Read this story from the beginning.
Sam
“What the hell was that?” asked Sam. “She’s never done anything like that before.”
Ditz lifted the bookcase up so Sam could crawl out from underneath. “That wasn’t the girl. It was the old man.”
“You’re saying we walked in on two of them?”
“Yeah, that almost never happens. Freaks tend to be isolated loners, often because they’re freaks. To find even two of them in the same place is rare. When they start getting together in groups, weird things can happen.”
“Like dumping an entire bookstore on our heads,” said Sam. “I get it.” Sam remembered how the diner had exploded had gotten when Cutter and the girl had been together. Despite what Ditz said, he knew Cutter was one of those freaks. He would find some way to prove it to the others, and Cutter would wind up on a slab somewhere in the bowels of the Farm where he belonged. “What do we do now? She won’t go home now, and she doesn’t have any friends or family in the city.”

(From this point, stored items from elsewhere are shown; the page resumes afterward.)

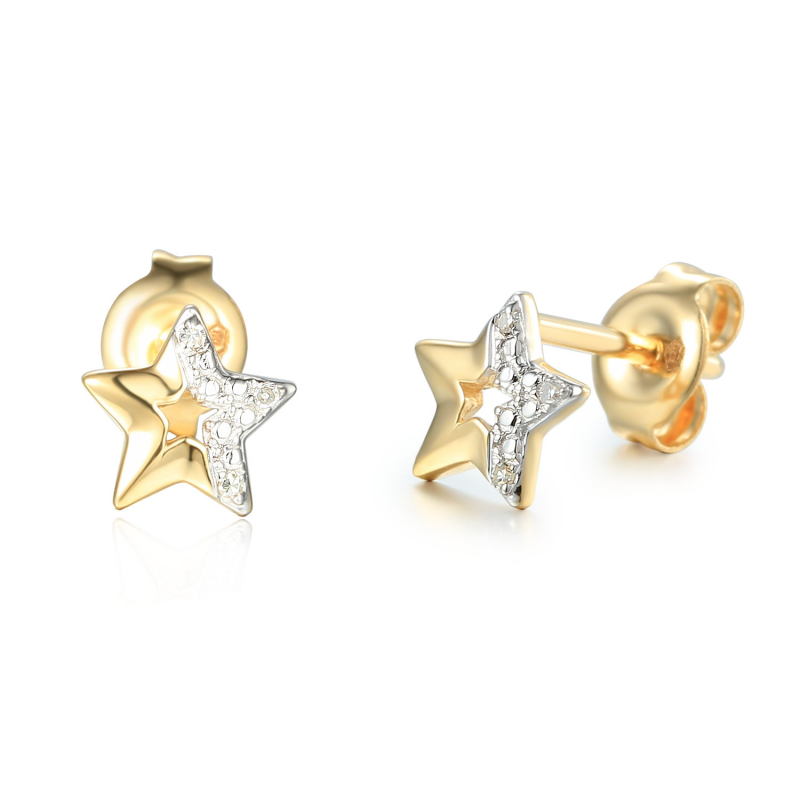 Złote kolczyki gwiazdki z diamentami to połączenie subtelności, elegancji i modnego minimalizmu. Wykonane ze złota próby 585, zachwycają idealnie wyważoną formą, która pięknie podkreśla delikatne rysy twarzy. Błyszczące diamenty nadają im luksusowego charakteru i sprawiają, że kolczyki skrzą się przy każdym ruchu.
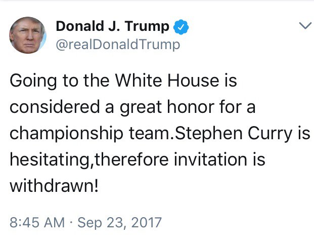 Unfazed and fueled by the backlash, Trump then aimed his Twitter guns at the NBA by rescinding an invitation from the Golden State Warriors and calling out superstar Steph Curry after he made it clear that he probably would not be interested in attending.
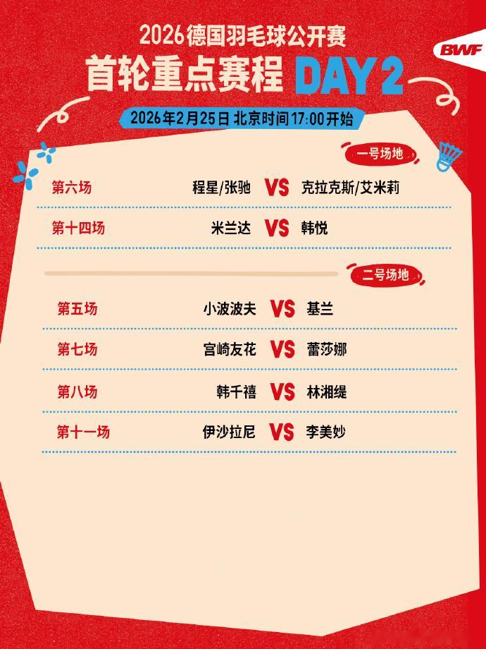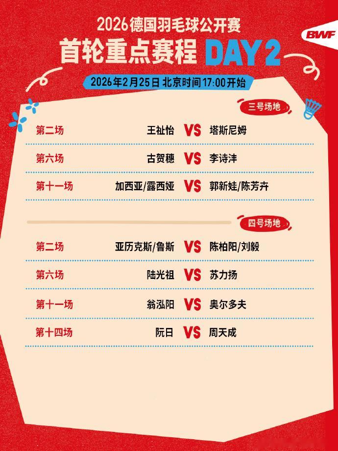 虎扑02月25日讯2026年德国羽毛球公开赛第二比赛日今日展开争夺,国羽共出战九场比赛。
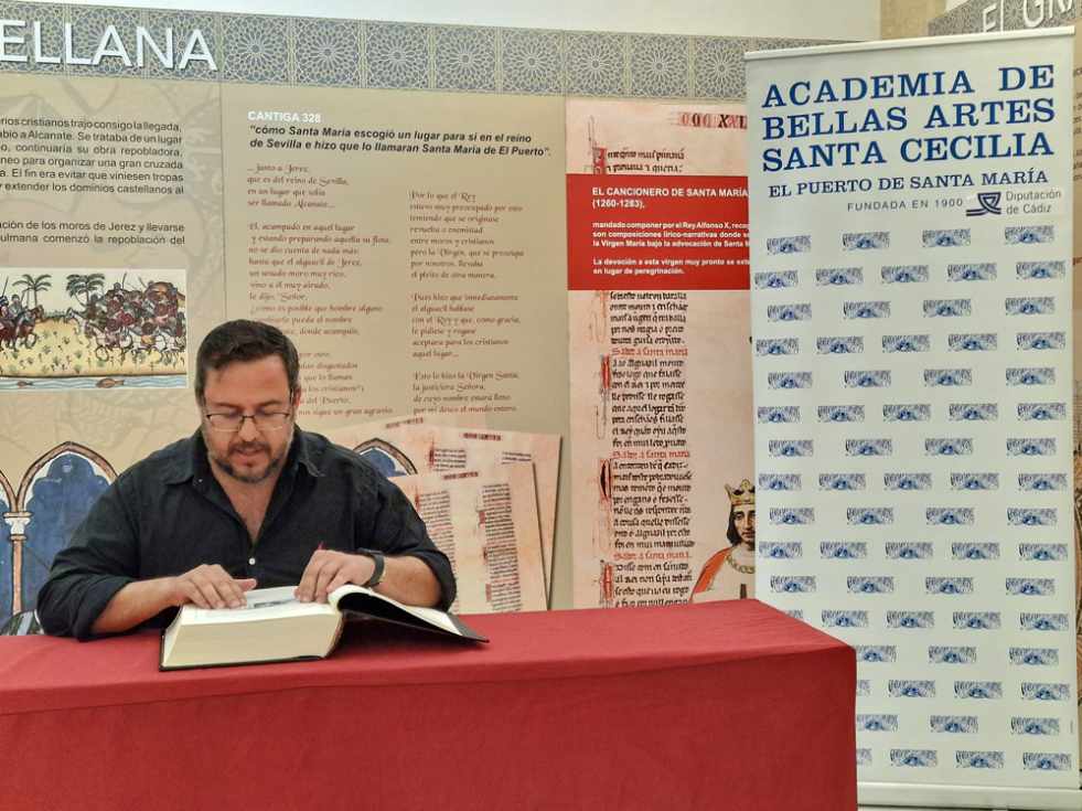 El teniente de alcalde de Cultura del ayuntamiento de El Puerto de Santa María, Enrique Iglesias, ha acompañado hoy a la Academia de Bellas Artes Santa Cecilia en la tradicional lectura continuada del Quijote, que la entidad realiza desde 2003 en conmemoración del Día Internacional del Libro, efeméride que se celebraba el pasado jueves.
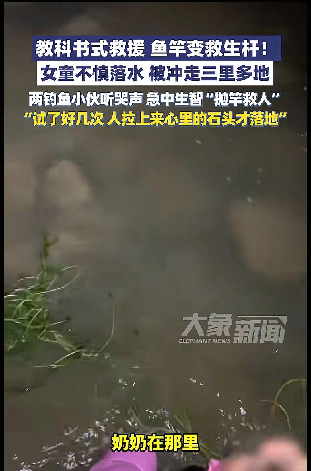祖父母带着姐弟二人在过桥意外落水, 一不留神,小姑娘转眼被河水冲出去,一眨眼,就消失不见。 小姑娘在刺骨的河水中挣扎漂浮了三里多地,眼看就要支撑不住。 危急时刻,两位正在夜钓的年轻人察觉河中有异,他们没有贸然下水,而是果断伸出鱼竿,用竿稍精准勾住女孩衣角,合力将她拖回岸上。 女孩浑身湿透、嘴唇发紫,刚缓过气就带着哭腔拉住救命恩人:“奶奶和弟弟也掉进去了…快救救他们!” 直到这时大家才意识到,这竟是一场接连发生的意外。 很显然,危险尚未解除,仍有生命等待搜寻。小伙立即拨打急救电话,希望专业力量能争分夺秒创造更多生机。 “机智的夜钓青年”,凭一根纤细鱼竿,在黑漆漆的河道上,硬是从死亡边缘拉回一条小生命,也牵出了一场更紧迫的接力救援。 往常多见奋不顾身跳水救人的场景,这回目睹“以竿代舟、稳准相济”的现场处置,确实值得称道。 网友评论:孩子这么小遇事却不忘家人,实在让人心疼。家长带娃真的一刻都不能大意,水域边尤其危险。 救援方式也给我们提了个醒:见义勇为也要讲究方法,盲目跳水可能造成更多险情。为沉着机智的小伙子点赞! 生命安全无小事,无论是游玩还是作业,多一分警惕,就少十分危险。
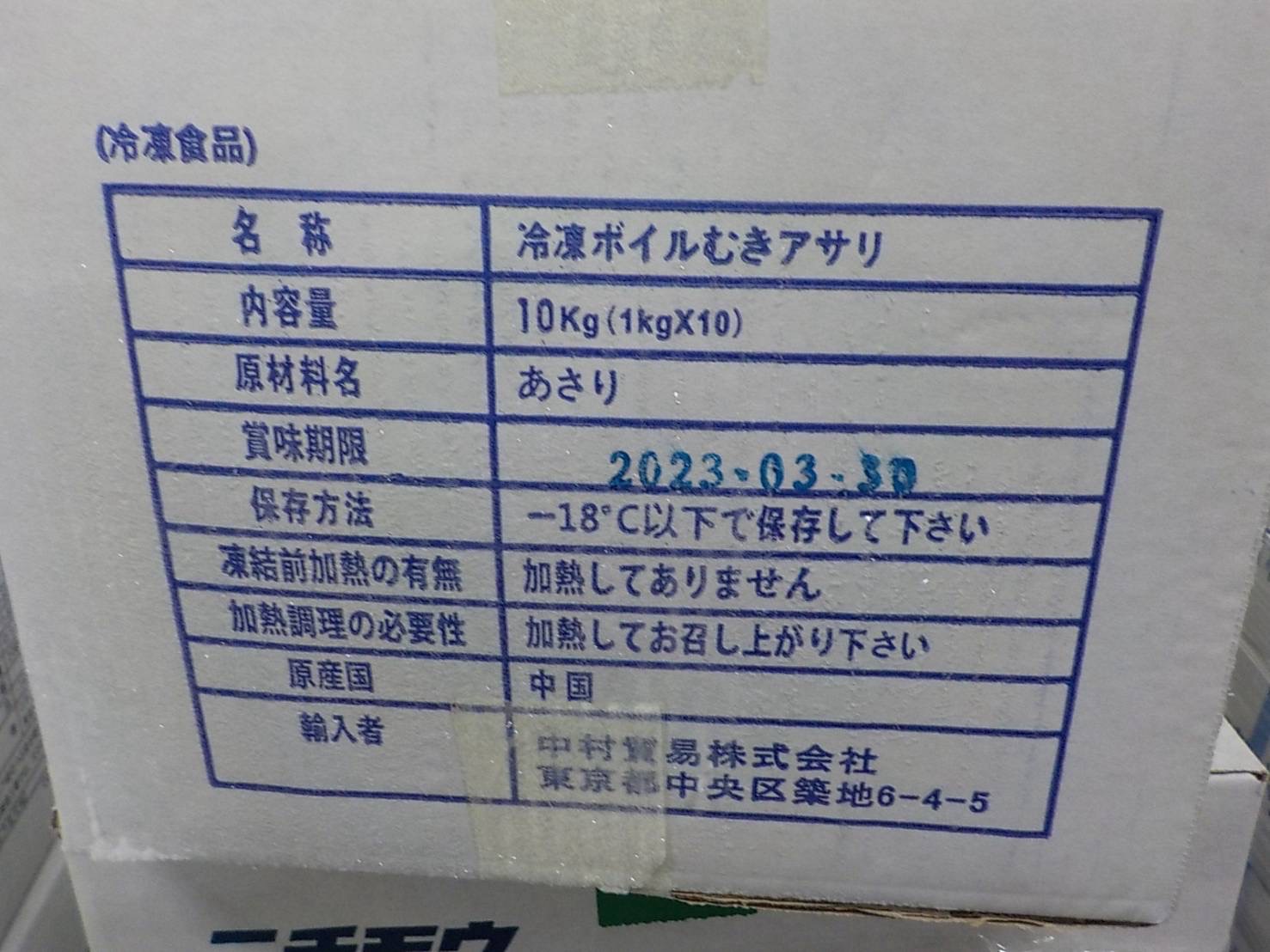 中国産 加熱用 冷凍 ボイルむきアサリ1k 1k袋×10
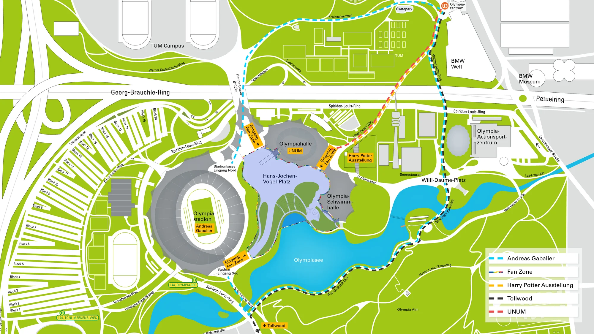 „Der Olympiapark wird am Samstag einmal mehr zum echten Hotspot. Um den Zehntausenden Besucher:innen eine möglichst gute und stressfreie Anreise zu ermöglichen, werden wir sowohl über eine entsprechende Beschilderung als auch mit Ordnungspersonal unsere Gäste gleich ab der U-Bahn-Station Olympiazentrum zu ihrer Veranstaltung in den einzelnen Locations des Olympiaparks lenken“, so Olympiapark-Chefin Marion Schöne. Zudem sind die Zeiten der Veranstaltungen so abgestimmt, dass auch das Ende der Events zeitversetzt stattfinden wird.

“First, you’re going to help me find my gun,” said Ditz. “I dropped it in here somewhere. After that, we’ll check in with a few of my contacts and see if we can get a line on the old man. You’re going to have to meet them anyway, so we might as well get started.”
“What about the girl?”
“Remember, they don’t know what we do about the bugs and all. They’re flying blind. It makes sense that now they’ve hooked up, they’ll compare notes. If we can find him, we’ll find her.”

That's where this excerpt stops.